The Espanola Paper Kings are a Canadian Junior "A" ice hockey team based out of Espanola, Ontario.  They are members of the Northern Ontario Junior Hockey League (NOJHL) and play their home games at the Espanola Regional Recreational Complex.

History
The Express were one of two expansion teams that entered the league prior to the start of the 2015–16 season. The team hired former NHL forward Tom McCarthy as its first head coach. McCarthy had previously coached the Espanola Rivermen prior to the teams disbandment. The team played its first game on September 11, 2015, losing at home 4-1 to the Rayside-Balfour Canadians before a crowd of 346. After losing the first six games in franchise history, the team picked up its first victory with a 3-2 win against the Blind River Beavers.
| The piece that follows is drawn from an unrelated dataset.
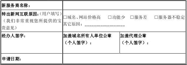 注1:請附上企業(yè)營業(yè)執(zhí)照副本復(fù)印件(個人請附上身份證復(fù)印件);如經(jīng)辦人不是所有人,還需提供經(jīng)辦人的身份證復(fù)印件。如代理是個人則需要提供個人代理身份證復(fù)印件. 新版身份證請?zhí)峁┱疵? 連同本表寄送到北京新網(wǎng)互聯(lián)科技有限公司北京總部-業(yè)務(wù)處理部門,郵寄地址如下:

Espanola made the playoffs in their first season just ahead of the Blind River Beavers. However, they fell to the Soo Eagles in a best-of-three series 2 games to 0. Espanola finished last in the league attendance wise, averaging only 181 fans per game.

In August 2016, coach McCarthy announced he was taking a head coaching position with HSC Csíkszereda in the Romanian Hockey League but would also remain involved with the Express as one of the owners. Co-coach Jason Rapcewicz took over as head coach. However, after one season, McCarthy returned to Espanola and the head coaching position. He left again after one season and was replaced by Dave Clancy from the Rayside-Balfour Canadians.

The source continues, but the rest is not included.